On 14 November 2013 the Company concluded a conditional investment agreement concerning the transfer of shares in Metelem Holding Company Limited (‘Metelem’) as in-kind contribution for the shares to be issued by Company (the ‘Agreement’) with three shareholders of Metelem, i.e. Argumenol Investment Company Limited seated in Nicosia, Cyprus, Karswell Limited seated in Nicosia, Cyprus and Sensor Overseas Limited seated in Nicosia, Cyprus, whose shares represent approximately 83.77% of shares in Metelem (the ‘Vendors’).
The fourth shareholder of Metelem, the European Bank for Reconstruction and Development (‘EBRD’) holds shares representing approximately 16.23% of shares in Metelem. EBRD (the ‘Vendor’) concluded the conditional investment agreement on 19 December 2013.
Metelem holds indirectly 100% of the share capital of Polkomtel Sp. z o.o., the operator of the mobile network ‘Plus’.
Pursuant to the Agreement, the Vendors will acquire in aggregate 291,193,180 shares in the conditionally increased share capital of the Company at the issue price of PLN 21.12 (not in thousands) (the ‘New Shares’). The New Shares will be acquired for an in-kind contribution in the form of shares in Metelem constituting in aggregate approximately 100% of Metelem’s share capital.

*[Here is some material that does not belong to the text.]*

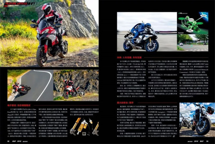 《摩托车》主要栏目:评车、维修、实例、配件、问与答、经营、学校、改装、俱乐部等。

In order to enable the acquisition of the New Shares by the current shareholders of Metelem, the Company shall issue subscription warrants to be acquired by them free of charge, which will then be exchanged into New Shares paid for with the in-kind contribution referred to above.
The obligation of the Company to issue shares to the Vendors and the Vendors’ obligation to transfer the title to the shares in Metelem to the Company is subject to the following conditions precedent:
a) adoption by the Shareholders’ Meeting of the Company of the Resolutions,
b) registration of the Conditional Share Capital Increase by the registry court, and
c) refinancing by the Company that will provide for repayment of the entire indebtedness of the Company arising under the Senior Facilities Agreement dated 31 March 2011, as amended and the Senior Secured Notes issued pursuant to the Indenture dated 20 May 2011.
The Agreement does not provide for any contractual penalties. The Company is entitled to terminate the Agreement, if Cyfrowy Polsat determines, in its sole discretion, that it will not be able to achieve the refinancing and repayment of the its financial indebtedness on terms and conditions acceptable to Cyfrowy Polsat.
Disposal of a subsidiary
On 28 March 2013 the conditional agreement for disposal of RS TV S.A (‘RS TV’) was concluded between the Group and EmiTel Sp. z o.o.
The agreement was concluded subject to the following precedent conditions:
a) receiving consents from banks which are parties to the loan agreement (SFA)
b) release of all security (on shares and assets of the company) related to the loan agreement and bond issue
c) court registration of the division of the RS TV.
On 30 August 2013, following fulfillment of precedent conditions, the disposal of RS TV was finalized. The agreed final selling price amounts to PLN 51,873. The gain on the disposal of the company is presented in Other operating income/(cost), net.